2. (10 min) Guest Talk.

3. (5 min) Q&A.

Release 25.4

ClickHouse Release.

— 25 new features 🌸

— 23 performance optimizations 🦋

— 58 bug fixes 🐝

A Few Small Features

Default Compression Codec

For MergeTree tables.

CREATE TABLE t ( time DateTime CODEC(ZSTD(3)), -- codec on a column level user_id UInt64, -- this column will use the default codec ... ) ORDER BY time SETTINGS default_compression_codec = 'ZSTD(1)' -- codec on a table level

By the way, the default codec can be also specified globally in the server's configuration:

$ cat config.d/compression.yaml compression: case: min_part_size: 1000000000 # Optional condition method: 'zstd'

Developer: Gvoelfin.

Persistent Databases In clickhouse-local

# Use the specified paths for databases # instead of a temporary location: $ ch --path . # The database will remain available # for subsequent invocations.

Demo.

Developer: Alexey Milovidov.

Random Early Drop on Overload

Two new query settings: min_os_cpu_wait_time_ratio_to_throw
and max_os_cpu_wait_time_ratio_to_throw.

When the ratio between the number of threads waiting for CPU and the number of threads running on CPU is more than the min threshold, the server will start randomly refusing some queries. When it approaches the max, the server will refuse every query.

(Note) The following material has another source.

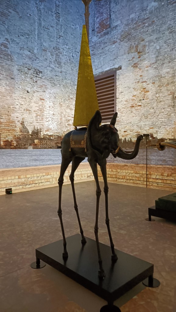 Poi arrivano le sue opere più celebri, animate, trasformate, vive. Gli orologi molli di Dance of Time colano davanti agli occhi, ricordandoci che per Dalí il tempo non è mai stato una certezza ma qualcosa di elastico, personale, quasi emotivo. Gli elefanti slanciati e impossibili di The Triumphant Elephant avanzano con le loro zampe sottilissime, simboli di forza e fragilità che convivono nello stesso corpo. Adam & Eve riporta il tema dell’origine, del desiderio e della colpa, mentre Lady Godiva scivola nello spazio con quella sensualità sospesa, tipica dell’artista. E poi le api, onnipresenti, piccole ma disturbanti, metafora del subconscio, del sogno che punge.

Implements a gradual degradation to prevent full DoS.

Demo.

Developers: Alexey Katsman, Alexey Milovidov.

Inline Credentials For Kafka

CREATE TABLE kafka_sasl (key UInt32, value String) ENGINE = Kafka SETTINGS kafka_broker_list = 'kafka_sasl:19092', kafka_security_protocol = 'sasl_plaintext', kafka_sasl_mechanism = 'SCRAM-SHA-256', kafka_sasl_username = 'Vasya', kafka_sasl_password = 'qwerty', kafka_topic_list = 'topic', kafka_group_name = 'group', kafka_format = 'JSONEachRow';

No longer necessary to edit configuration files for every new Kafka endpoint.

Developer: Christoph Wurm.

Bind Host In the Cluster Configuration

$ cat config.d/cluster.yaml remote_servers: default: shard: replica: host: '10.0.0.2' port: 9000 bind_host: '10.0.0.1'

Useful when a server has multiple network interfaces and distributed connections should use one.

Developer: Todd Yocum.

Performance Improvements

Lazy Columns

Instead of reading data for a column, track the information about what data should be read. Then read the data only when needed.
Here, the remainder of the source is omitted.